AlphaGo Key Points
My understanding of the AlphaGo success.
It’s well known that Machine Learning needs massive amount of good data to work. “Data is the fuel of machine learning”. Go, like other virtual games (Atari Breakout etc), can be fully virtualized and be played millions of times in a short period.
However real world problems are much slower to generate data due to the physical limitation.
According to this post.
The value network provides an estimate of the value of the current state of the game: what is the probability of the black player to ultimately win the game, given the current state?
The policy networks provide guidance regarding which action to choose, given the current state of the game.
The probability of the value network is measured much accurate than human player, while human can only have roughly feelings about different sections of the board. That’s the best advantage of AlphaGo.
Also the policy network is always in cold blood, exhaustively search the candidate positions.
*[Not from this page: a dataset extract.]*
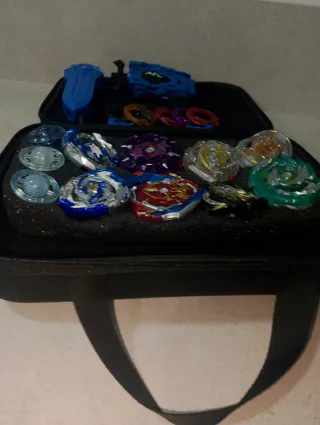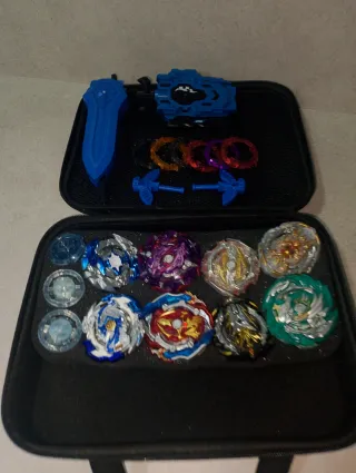 Set de peonzas de edición limitada, ideal para coleccionistas y aficionados. Incluye accesorios para el juego. - Variedad de peonzas con diseños únicos. - Lanzadores y otros componentes incluidos. - Estuche de almacenamiento negro. -PRECIO NEGOCIABLE.

Top software quality from Deepmind + Google computing infrastructure especially Tensor Processing Unit (TPU) etc. really accelerated the training cycles.
Go is well suited to the technology and famous enough to have world wide influence.
Appendix: Fun thinking for the Ke Jie vs AlphaGo match 3
What if Ke Jie clone his strategy from the second game and fix his mistake this time? I suspect AlphaGo won’t change its behavior. This approach can save a lot of thinking time for Ke Jie and he can focus on the second half of the game. A bit boring for the audiences though.